Authors Mearini E, Cochetti G, Barillaro F, Fatigoni S, Roila F

Received 17 July 2013

Accepted for publication 30 January 2014

Published 8 May 2014 Volume 2014:7 Pages 679—685


Checked for plagiarism Yes

Review by Single-blind

Peer reviewer comments 5

Ettore Mearini,1 Giovanni Cochetti,1 Francesco Barillaro,1 Sonia Fatigoni,2 Fausto Roila2

1Department of Medical-Surgical Specialties and Public Health, Division of Urological Andrological Surgery and Minimally Invasive Techniques, University of Perugia, Terni, Italy; 2Medical Oncology, S Maria Hospital, Terni, Italy

Abstract: Solitary fibrous tumors are rare mesenchymal spindle cell neoplasms that are usually found in the pleura. The kidneys are an uncommon site and only few cases of renal solitary fibrous tumor exhibit malignant behavior metastasizing to the liver, lung, and bone through the hematogenous pathway.
Purpose: To describe the first case of lymph node metastasis from renal solitary fibrous tumor in order to increase the knowledge about the malignant behavior of these tumors.
Patients and methods: A 19-year-old female patient had intermittent hematuria for several months without flank pain or other symptoms.
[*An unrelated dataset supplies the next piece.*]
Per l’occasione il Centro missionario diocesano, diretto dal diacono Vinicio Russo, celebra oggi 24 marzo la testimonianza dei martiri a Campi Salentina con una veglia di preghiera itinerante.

A chest and abdomen CT scan was performed and showed a multi-lobed bulky solid mass of 170 × 98 × 120 mm in the left kidney. One day before the surgery, the left renal artery was catheterized and the kidney embolization was performed using a Haemostatic Absorbable Gelatin Sponge and polyvinyl alcohol. We then performed a radical nephrectomy with hilar, para-aortic, and inter-aortocaval lymphadenectomy.
Results: Estimated intraoperative blood loss was 200 mL and the operative time was 100 minutes. No postoperative complications occurred. The hospital stay was 7 days long. The histological examination was malignant solitary fibrous tumor of the kidney. Cancerous tissue showed cellular atypia, with an increased mitotic index (up to 7 × 10 hpf). Immunohistochemical analysis showed positive results for CD34, BCL2, partial expression of HBME1, and occasionally of synaptophysin. Histological evaluation confirmed the presence of metastasis in one hilar node. The patient did not receive any other therapy. At 30-month follow-up, the patient was in good health and no local recurrence or metastases had occurred.
Conclusion: This is the first case of lymph node metastasis from a renal solitary fibrous tumor showing unusual malignant behavior; this finding adds new information about the biology and progression of these tumors, which remain unclear.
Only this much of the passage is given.